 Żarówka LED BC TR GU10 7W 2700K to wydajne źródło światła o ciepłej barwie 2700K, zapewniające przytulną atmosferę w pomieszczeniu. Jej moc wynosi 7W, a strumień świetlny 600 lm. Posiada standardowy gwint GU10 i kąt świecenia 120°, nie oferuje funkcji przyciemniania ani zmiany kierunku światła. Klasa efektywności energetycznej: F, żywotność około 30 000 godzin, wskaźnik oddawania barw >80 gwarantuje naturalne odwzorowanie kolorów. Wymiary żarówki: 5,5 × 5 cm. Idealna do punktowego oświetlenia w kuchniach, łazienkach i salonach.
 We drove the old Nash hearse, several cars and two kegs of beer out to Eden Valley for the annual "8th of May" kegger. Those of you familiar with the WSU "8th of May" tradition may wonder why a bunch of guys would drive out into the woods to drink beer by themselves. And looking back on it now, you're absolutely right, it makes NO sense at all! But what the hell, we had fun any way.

#####

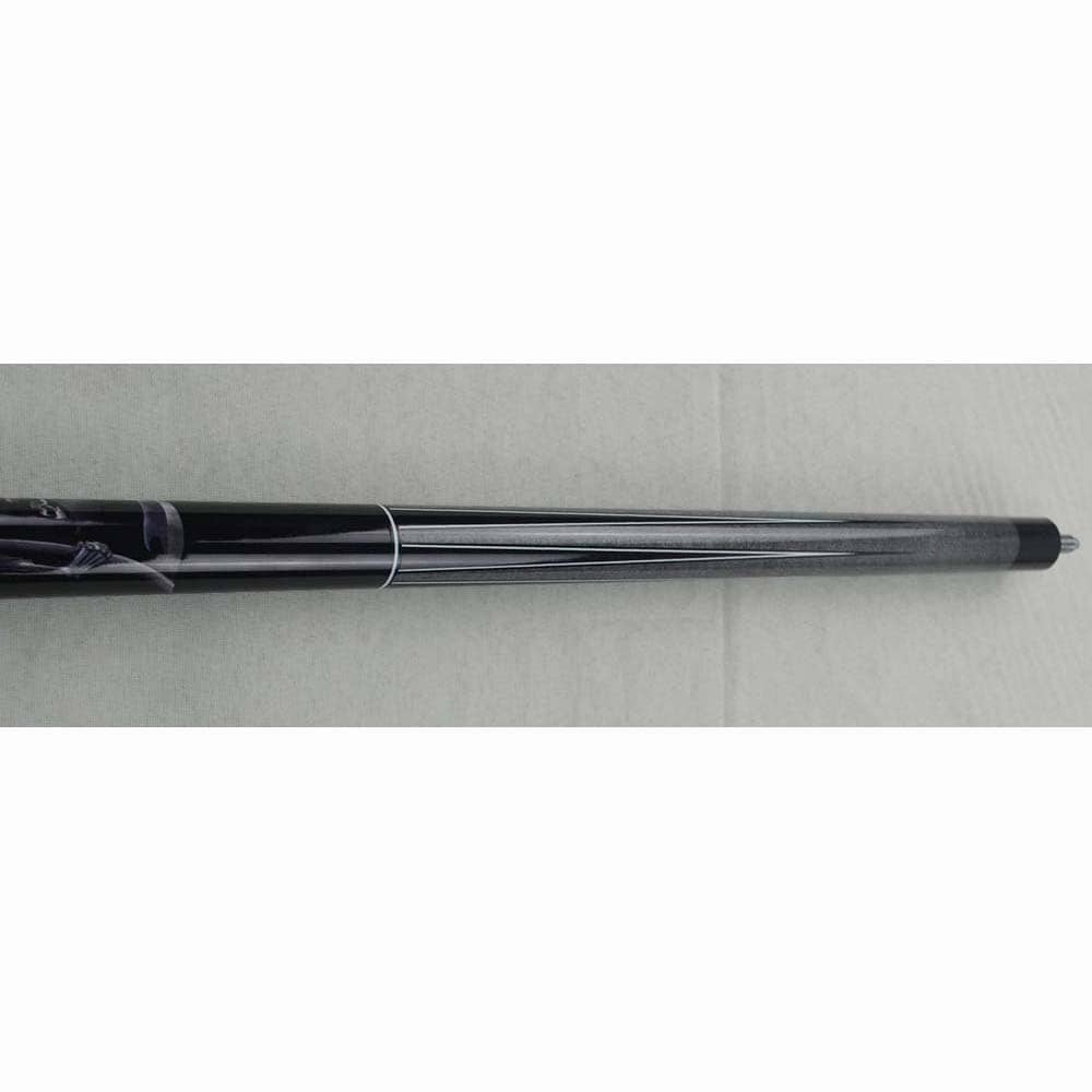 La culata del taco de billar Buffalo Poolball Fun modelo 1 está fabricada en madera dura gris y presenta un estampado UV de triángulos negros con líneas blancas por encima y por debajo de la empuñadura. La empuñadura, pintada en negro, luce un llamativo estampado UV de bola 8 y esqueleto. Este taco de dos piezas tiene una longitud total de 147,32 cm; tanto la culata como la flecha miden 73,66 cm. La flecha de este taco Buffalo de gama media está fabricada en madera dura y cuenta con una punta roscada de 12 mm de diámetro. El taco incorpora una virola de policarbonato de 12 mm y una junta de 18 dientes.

#####

= BRIEF =
For this task, write out exactly the lines of the entries above, starting at the line with "Żarówka LED BC" and ending at the line with "We drove the", both included, and no others.

= ANSWER SPACE =
 Żarówka LED BC TR GU10 7W 2700K to wydajne źródło światła o ciepłej barwie 2700K, zapewniające przytulną atmosferę w pomieszczeniu. Jej moc wynosi 7W, a strumień świetlny 600 lm. Posiada standardowy gwint GU10 i kąt świecenia 120°, nie oferuje funkcji przyciemniania ani zmiany kierunku światła. Klasa efektywności energetycznej: F, żywotność około 30 000 godzin, wskaźnik oddawania barw >80 gwarantuje naturalne odwzorowanie kolorów. Wymiary żarówki: 5,5 × 5 cm. Idealna do punktowego oświetlenia w kuchniach, łazienkach i salonach.
 We drove the old Nash hearse, several cars and two kegs of beer out to Eden Valley for the annual "8th of May" kegger. Those of you familiar with the WSU "8th of May" tradition may wonder why a bunch of guys would drive out into the woods to drink beer by themselves. And looking back on it now, you're absolutely right, it makes NO sense at all! But what the hell, we had fun any way.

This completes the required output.